Chapter 3 of the aforementioned white paper:

While there is no doubt that criminals and terrorists use prepaid SIM cards to help stay anonymous and avoid easy detection, to date there has been no empirical evidence to indicate that:

  1. Mandating the registration of prepaid SIM users leads to a reduction in criminal activities; and
  2. The lack of any registration of prepaid SIM users is linked to a greater risk of criminal or terrorist activities.

In fact, a publicly available policy assessment report from Mexico showed that mandatory SIM registration—introduced there in 2009— had failed to help the prevention, investigation and/or prosecution of associated crimes. As a result, policymakers decided to repeal the regulation three years later (see case study 1).

The absence of a link between mandatory SIM registration and crime reduction suggests that criminals who are determined to remain anonymous will use other means to obtain active SIM cards or simply buy them from abroad and roam on their own countries’ networks. A number of governments, including in Canada, the Czech Republic, New Zealand, Romania and the United Kingdom have considered the merits of mandating prepaid SIM registration but subsequently concluded against introducing it.
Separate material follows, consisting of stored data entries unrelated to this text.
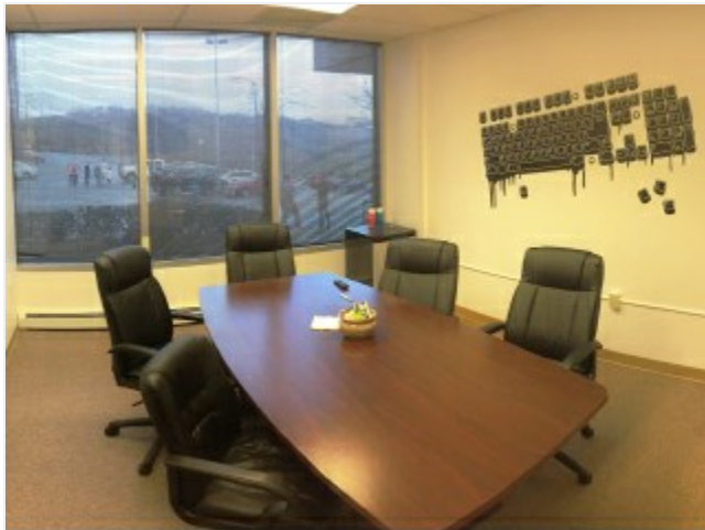
Private and Shared Conference Rooms
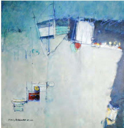
Elaine Daily-Birnbaum , Madison, WI The Illusion of Separateness , $3,600 23" x 22"
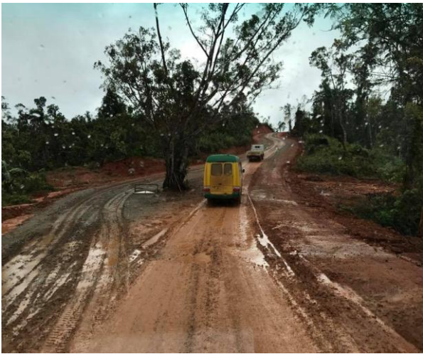
The muddy 30 km road leading to the Ilagan-Divilacan road rehabilitation and improvement project
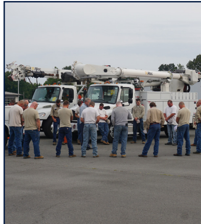
First Electric dispatched 21 crewmen to Washington-St. Tammany Electric Cooperative in Franklinton, LA to restore power after Hurricane Ida hit in August 2021.

We're proud of the job our employees do at First Electric! You – our members – responded to survey questions about the level of service you received from our staff and field personnel. They scored over a 95% when asked about their overall level of satisfaction with service.
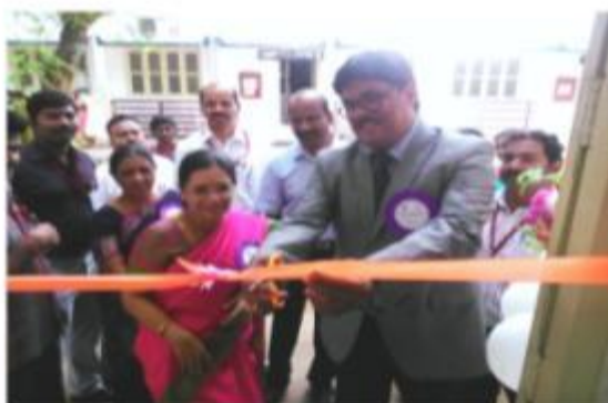
Opening ceremony of the exhibition
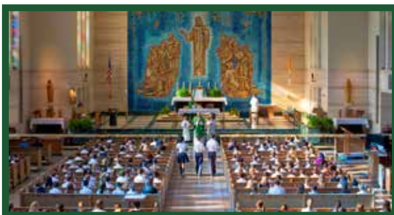
School Mass 2012
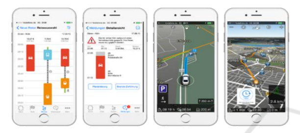
Figure 4: The MoveBW smartphone application provides functions for intermodal journey planning, traffic information, ticketing and on-trip navigation.

The MoveBW services are currently monitored and evaluated in an extensive trial phase. Based on the findings, both the digital service and traffic control strategies will be revised, aiming to maximize favored effects on the individual mobility behaviors of traffic participants, for example by applying different strategies for daily commuters and visitors. The smartphone application is planned to be released in the first quarter of 2019. Mock-ups of the current design are shown in Figure 4.
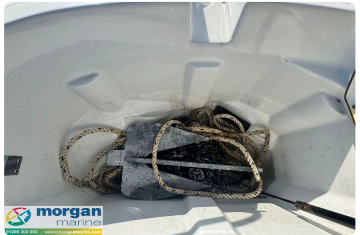
Cap Camarat 6.5 WA - anchor and chain
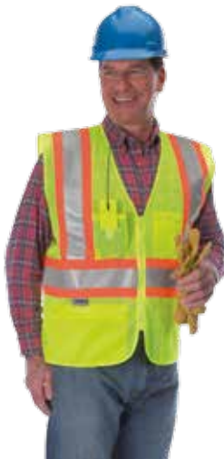
V+AM-C2GDK-L Class 2 Mesh Vest

In the United Kingdom for example, this issue was considered in detail by an expert group of law enforcement representatives, security and intelligence agencies and communications service providers following the terrorist attack on London in July 2005. A confidential report by experts concluded that “the compulsory registration of ownership of mobile telephones would not deliver any significant new benefits to the investigatory process and would dilute the effectiveness of current self-registration schemes.”
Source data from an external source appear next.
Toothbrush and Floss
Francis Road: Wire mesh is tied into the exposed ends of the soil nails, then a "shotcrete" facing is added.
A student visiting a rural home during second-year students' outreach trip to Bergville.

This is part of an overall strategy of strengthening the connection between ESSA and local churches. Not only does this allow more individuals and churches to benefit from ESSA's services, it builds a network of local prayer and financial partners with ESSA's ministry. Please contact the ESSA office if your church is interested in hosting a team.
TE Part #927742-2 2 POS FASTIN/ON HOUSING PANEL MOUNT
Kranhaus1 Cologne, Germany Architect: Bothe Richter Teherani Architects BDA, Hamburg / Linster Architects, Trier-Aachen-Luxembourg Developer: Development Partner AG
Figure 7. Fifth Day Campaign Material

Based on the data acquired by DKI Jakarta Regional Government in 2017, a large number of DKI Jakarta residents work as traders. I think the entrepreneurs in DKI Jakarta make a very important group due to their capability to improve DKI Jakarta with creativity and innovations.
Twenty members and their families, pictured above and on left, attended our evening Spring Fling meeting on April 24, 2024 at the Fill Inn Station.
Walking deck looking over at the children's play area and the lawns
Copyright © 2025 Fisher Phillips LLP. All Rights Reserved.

In the European Union, some Member States have adopted measures requiring SIM card registration, and the European Commission (EC) invited all Member States in 2012 to provide evidence of the actual or potential benefit of such measures. Following examination of the responses, Cecilia Malmström, European Commissioner for Home affairs noted that: “At present there is no evidence, in terms of benefits for criminal investigation or the smooth functioning of the internal market, of any need for a common EU approach in this area.”
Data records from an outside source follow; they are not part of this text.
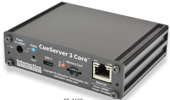
CS-3120 CueServer 3 Core D

The CueServer 3 Core D variant (CS-3120) additionally features two built-in isolated RJ45 DMX ports that can be configured as either DMX Inputs or Outputs.
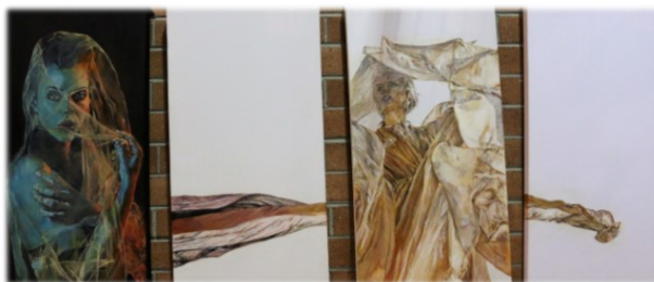
Dinuki Perera - Allure
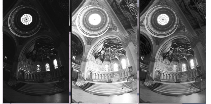
Fig. 2. Evaluation of the hardware architecture using image samples from the Debevec library.

We benchmarked our architecture using multiple image sources. First, we chose a database from the Debevec library [7], which includes images with variable exposure times. In our specific case, set of two images have been used to evaluate our architecture. An example of a resulting HDR image is shown on the right part of the Fig. 2 obtained from a LE frame (left part) and a HE frame (central part). Details in dark areas and bright are represented in the tone mapped image without artifacts. Secondly, we also evaluated our platform with realistic scenes acquired by our sensor board (see Figure 3). Results are similar to those obtained from Debevec library with a good reproduction of fine details in dark and bright areas. We can both distinguish the word "HDR" overexposed
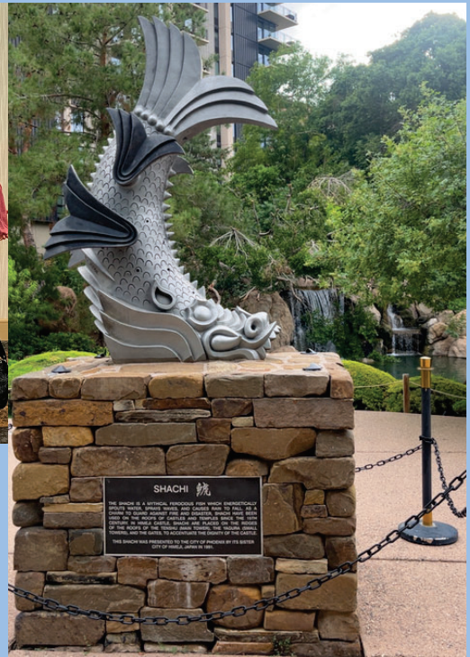
This Shachi was a presented to the City of Phoenix By its Sister City of Himeji, Japan in 1991
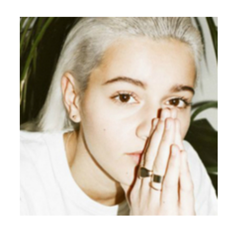
REEPERBAHN DELEGATE DISCOUNTS
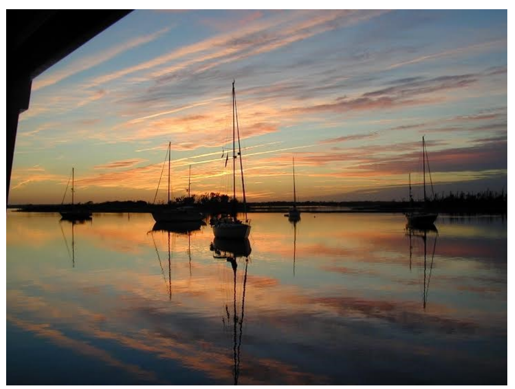
Looking out from the deck of the Aisling during Butch and Lynne Rachal's "Great Loop" trip

MAY - JUNE 2016 Vol. LX, No. 3 Published Bi-Monthly beginning January Website: <u>usps.org/savannahriver</u>
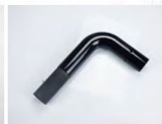
SV38/90H 1 x 90 Degree Cleaning Head
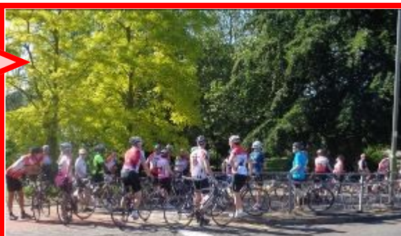
Above: Gathering at the Staines Bridge meeting point
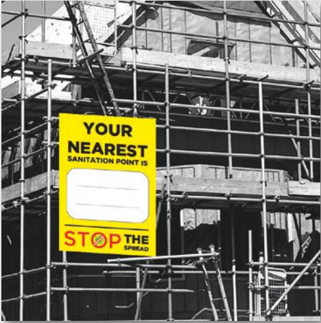
CORREX SIGNAGE - NF01
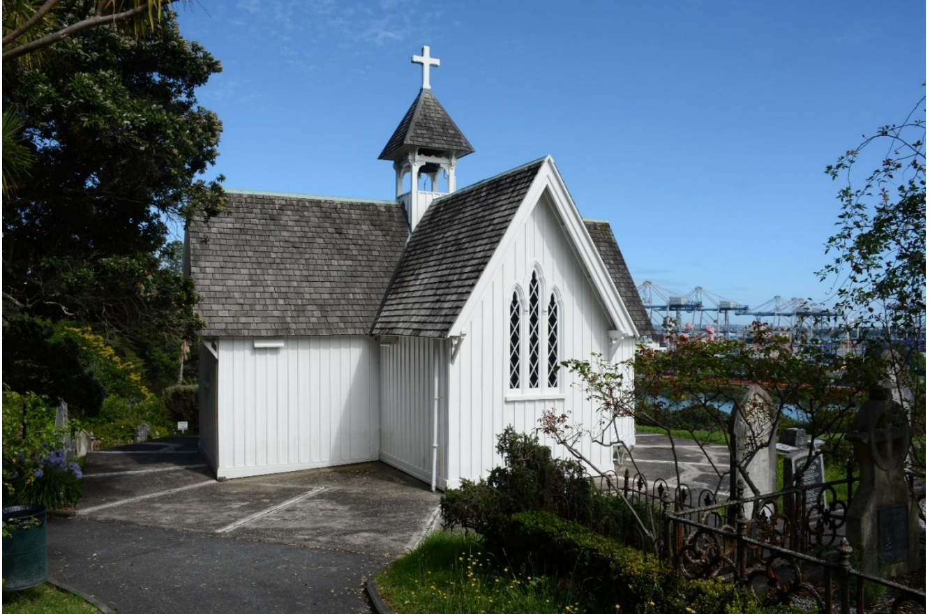
St. Stephen's Chapel, Judges Bay Auckland New Zealand

Calling all Youth at St. Thomas - come join us!
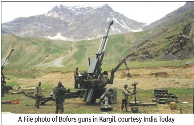
A File photo of Bofors guns in Kargil

The report further says that army wants the issue to be resolved through negotiations but at the same time they maintain that construction activity in the areas close to LAC won't be stopped. ►PAGE 02
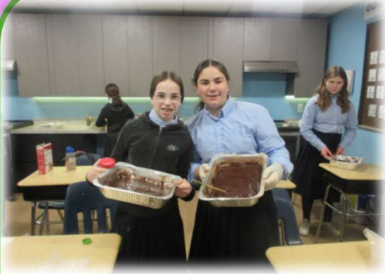
7 th grade baked delicious brownies for BYC תלמידות to enjoy as part of our נועם שבת program.
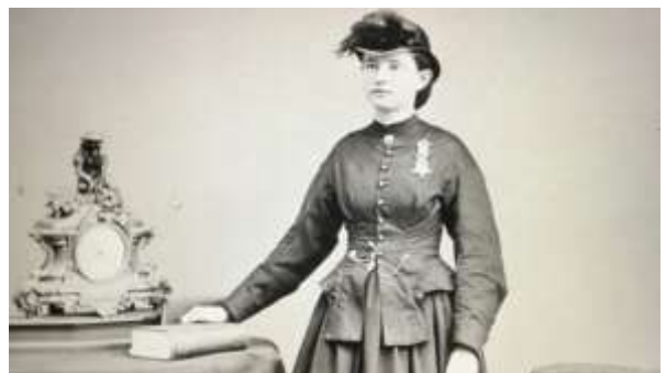
A photo by Mathew Brady of Dr. Mary Edwards Walker circa 1866, shown wearing her Medal of Honor.

Background on Dr. Walker can be found at:
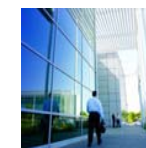
Enterprise and innovation
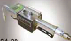
• SA-20 Fixed Amount Filling Gun includes Digital Flow Meter
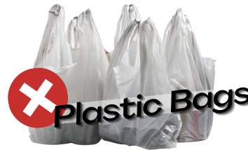
✗ Plastic Bags
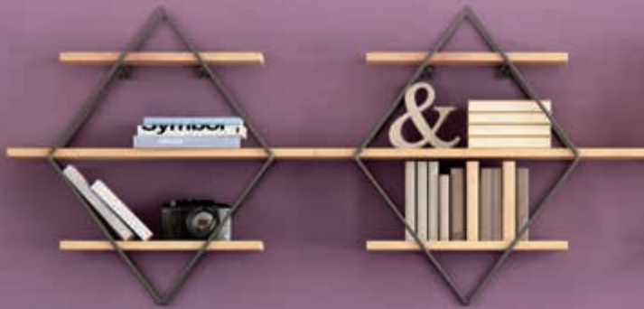
SOFT SELECTION Clockwise (from bottom left): Resene Alluring; Resene London Hue; Resene Fog; Resene Essence; Resene Balance.

If you're planning to use lavender on all walls in a room, choose a muddied shade.
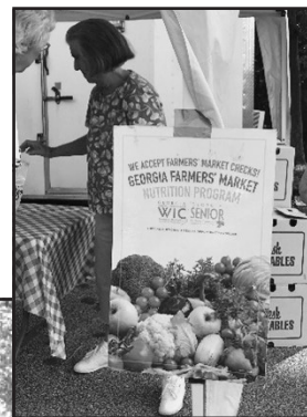
The Garden Market Farmers

Following the hearing, there will be several opportunities to participate and provide input for the plan, including an online survey which will be shared with all local governments in the region and will
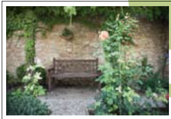
Inviting tree-lined boulevards, covered paseos, dazzling water features and bold architectural elements will combine to create a destination unlike any other.
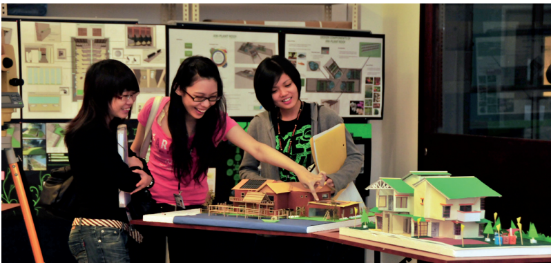
Students admiring the building models at the exhibition.

It was a hive of activity at the Faculty of Engineering and Green Technology (FEGT) at UTAR Perak Campus when the Built Environment Society organised the Construction Management Open Day on 16 June 2010.
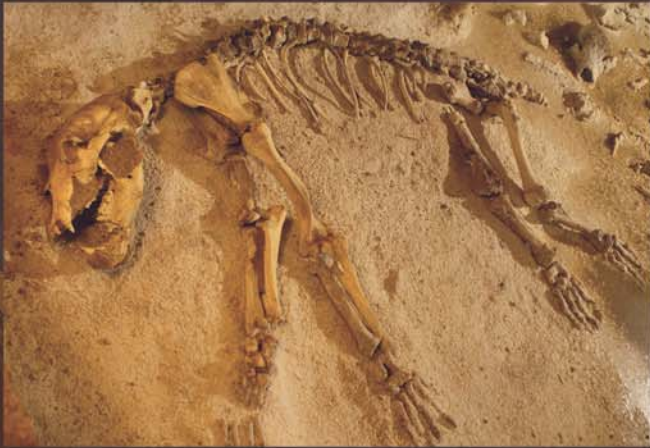
Generations of cave bears inhabited the prehistoric cave for over 300 000 years.
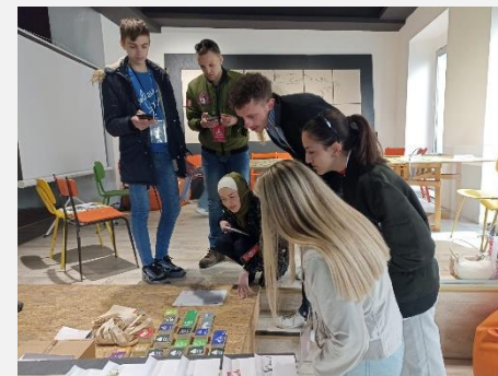
Bosnia and Herzegovina

Case study of Mexico mentioned above:

In Mexico, mandatory SIM registration was introduced in 2009 but repealed three years later after a policy assessment showed that it had not helped the prevention, investigation and prosecution of associated crimes. The reasons cited by the senate for repealing the regulation included:

(i) Statistics showing a 40 per cent increase in the number of extortion calls recorded daily and an increase of eight per cent in the number of kidnappings between 2009 and 2010;

(ii) The appreciation that the policy was based on the misconception that criminals would use mobile SIM cards registered in their names or in the name of their accomplices. The report suggests that registering a phone not only fails to guarantee the accuracy of the user’s details but it could also lead to falsely accusing an innocent victim of identity theft;

(iii) The acknowledgement that mobile operators have thousands of distributors and agents that cannot always verify the accuracy of the information provided by users;

(iv) Lack of incentives for registered users to maintain the accuracy of their records when their details change, leading to outdated records;

(v) The likelihood that the policy incentivised criminal activity (mobile device theft, fraudulent registrations or criminals sourcing unregistered SIM cards from overseas to use in their target market); and

(vi) The risk that registered users’ personal information might be accessed and used improperly.